◆ **Available data**:
= = = =
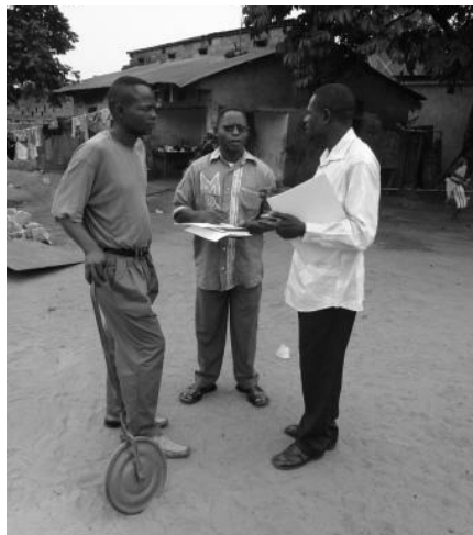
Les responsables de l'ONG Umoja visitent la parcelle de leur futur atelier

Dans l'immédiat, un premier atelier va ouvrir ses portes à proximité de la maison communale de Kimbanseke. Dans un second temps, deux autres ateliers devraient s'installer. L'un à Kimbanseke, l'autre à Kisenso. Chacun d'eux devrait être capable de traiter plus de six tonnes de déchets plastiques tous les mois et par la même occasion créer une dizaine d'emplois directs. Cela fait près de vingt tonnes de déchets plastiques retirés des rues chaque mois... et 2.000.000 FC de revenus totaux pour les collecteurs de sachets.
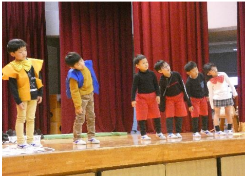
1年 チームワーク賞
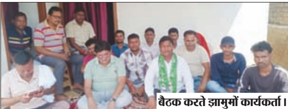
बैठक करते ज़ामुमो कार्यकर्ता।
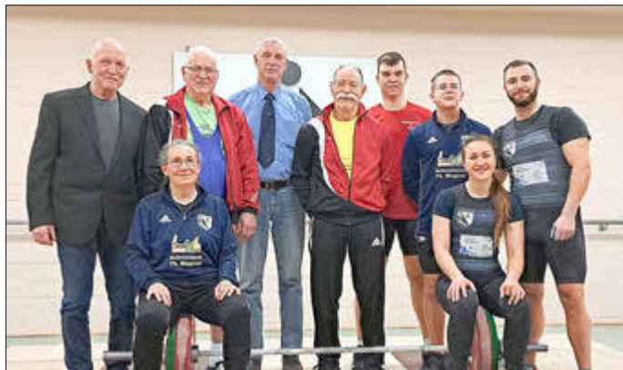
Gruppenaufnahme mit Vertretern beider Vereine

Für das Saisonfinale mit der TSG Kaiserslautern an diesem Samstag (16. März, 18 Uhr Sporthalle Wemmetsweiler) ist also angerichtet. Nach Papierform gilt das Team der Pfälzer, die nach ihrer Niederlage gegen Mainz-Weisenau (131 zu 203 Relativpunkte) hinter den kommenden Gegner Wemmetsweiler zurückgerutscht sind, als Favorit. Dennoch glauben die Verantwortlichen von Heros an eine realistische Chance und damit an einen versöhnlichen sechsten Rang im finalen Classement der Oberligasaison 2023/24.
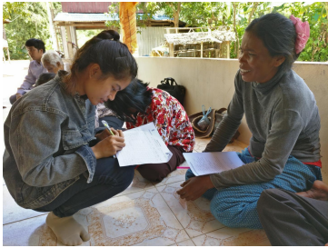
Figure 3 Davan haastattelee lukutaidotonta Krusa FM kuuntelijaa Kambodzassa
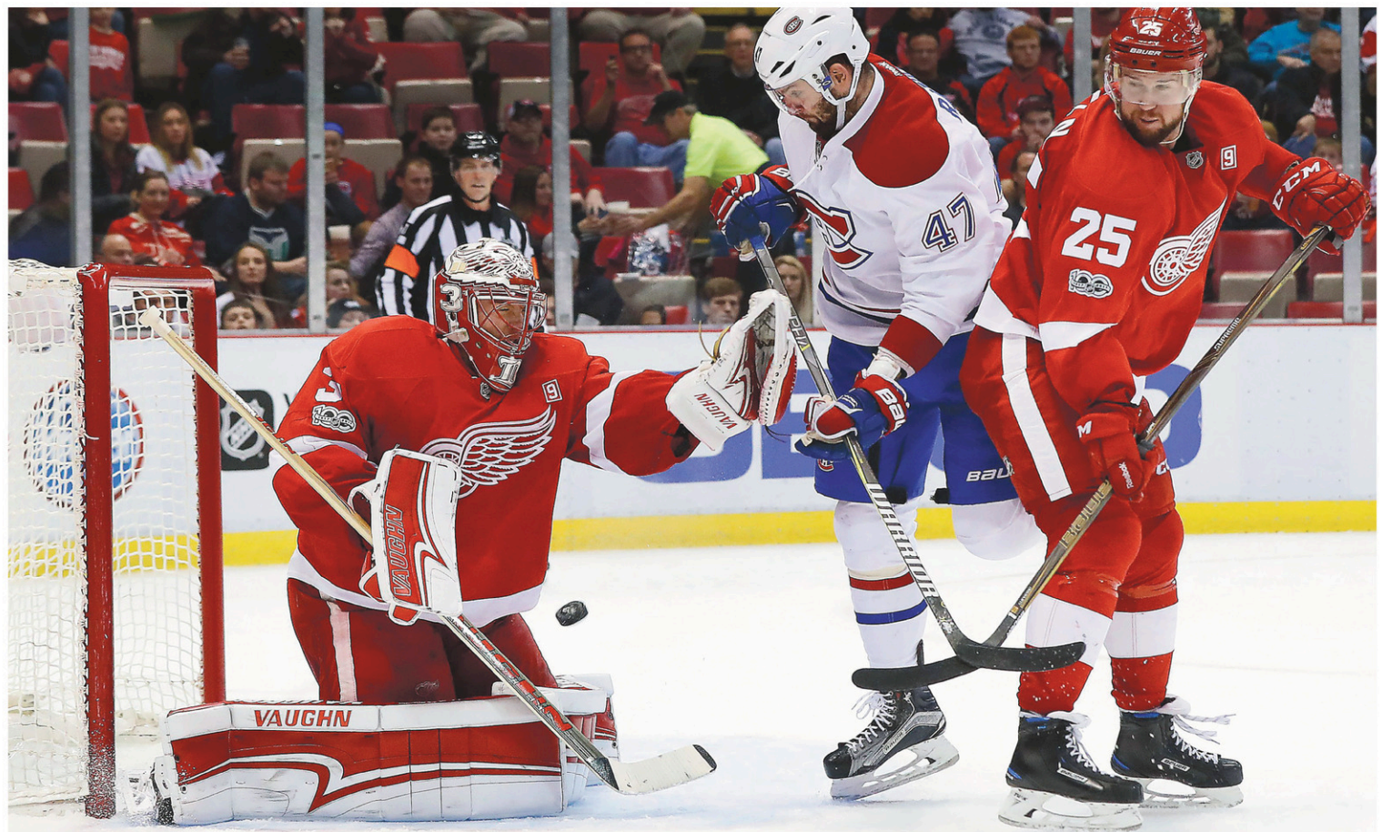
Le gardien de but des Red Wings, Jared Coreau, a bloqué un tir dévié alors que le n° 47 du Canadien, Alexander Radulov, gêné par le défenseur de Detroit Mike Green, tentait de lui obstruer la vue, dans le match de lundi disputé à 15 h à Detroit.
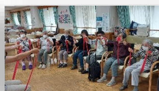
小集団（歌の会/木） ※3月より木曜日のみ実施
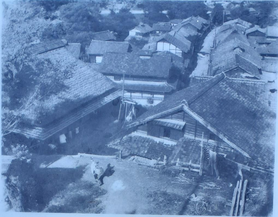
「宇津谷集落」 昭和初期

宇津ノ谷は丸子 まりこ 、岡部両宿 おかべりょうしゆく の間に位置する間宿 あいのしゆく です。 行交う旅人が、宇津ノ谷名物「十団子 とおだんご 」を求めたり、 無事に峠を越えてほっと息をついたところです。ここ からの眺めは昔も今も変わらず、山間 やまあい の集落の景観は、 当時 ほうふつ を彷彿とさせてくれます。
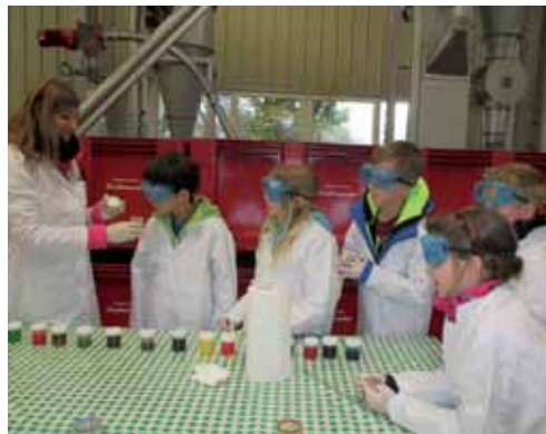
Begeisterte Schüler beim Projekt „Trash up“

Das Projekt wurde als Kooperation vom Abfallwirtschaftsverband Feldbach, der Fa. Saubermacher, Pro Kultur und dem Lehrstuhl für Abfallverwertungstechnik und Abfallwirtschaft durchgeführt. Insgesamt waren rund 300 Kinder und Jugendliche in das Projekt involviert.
= = = =
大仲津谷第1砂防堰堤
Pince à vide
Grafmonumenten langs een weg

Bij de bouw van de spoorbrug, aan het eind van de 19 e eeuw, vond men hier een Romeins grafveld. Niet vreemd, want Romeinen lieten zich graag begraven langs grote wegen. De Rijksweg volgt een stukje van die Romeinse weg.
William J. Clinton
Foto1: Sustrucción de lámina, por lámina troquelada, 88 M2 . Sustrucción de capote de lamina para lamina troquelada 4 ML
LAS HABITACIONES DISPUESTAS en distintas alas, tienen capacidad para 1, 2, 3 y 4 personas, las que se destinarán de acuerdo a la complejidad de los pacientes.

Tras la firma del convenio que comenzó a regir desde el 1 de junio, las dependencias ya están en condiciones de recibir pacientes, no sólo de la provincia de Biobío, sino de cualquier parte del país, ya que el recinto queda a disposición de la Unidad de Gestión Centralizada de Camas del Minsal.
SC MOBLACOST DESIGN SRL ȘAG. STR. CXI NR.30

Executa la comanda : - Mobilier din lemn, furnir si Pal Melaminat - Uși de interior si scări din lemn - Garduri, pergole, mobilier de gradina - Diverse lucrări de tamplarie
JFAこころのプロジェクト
= = = =
◆ **Exercise brief**:
Take exactly the lines from the one containing "Tras la firma" through the one containing "JFAこころのプロジェクト" in the data above, and output them with nothing added.

◆ **Response for this exercise**:
Tras la firma del convenio que comenzó a regir desde el 1 de junio, las dependencias ya están en condiciones de recibir pacientes, no sólo de la provincia de Biobío, sino de cualquier parte del país, ya que el recinto queda a disposición de la Unidad de Gestión Centralizada de Camas del Minsal.
SC MOBLACOST DESIGN SRL ȘAG. STR. CXI NR.30

Executa la comanda : - Mobilier din lemn, furnir si Pal Melaminat - Uși de interior si scări din lemn - Garduri, pergole, mobilier de gradina - Diverse lucrări de tamplarie
JFAこころのプロジェクト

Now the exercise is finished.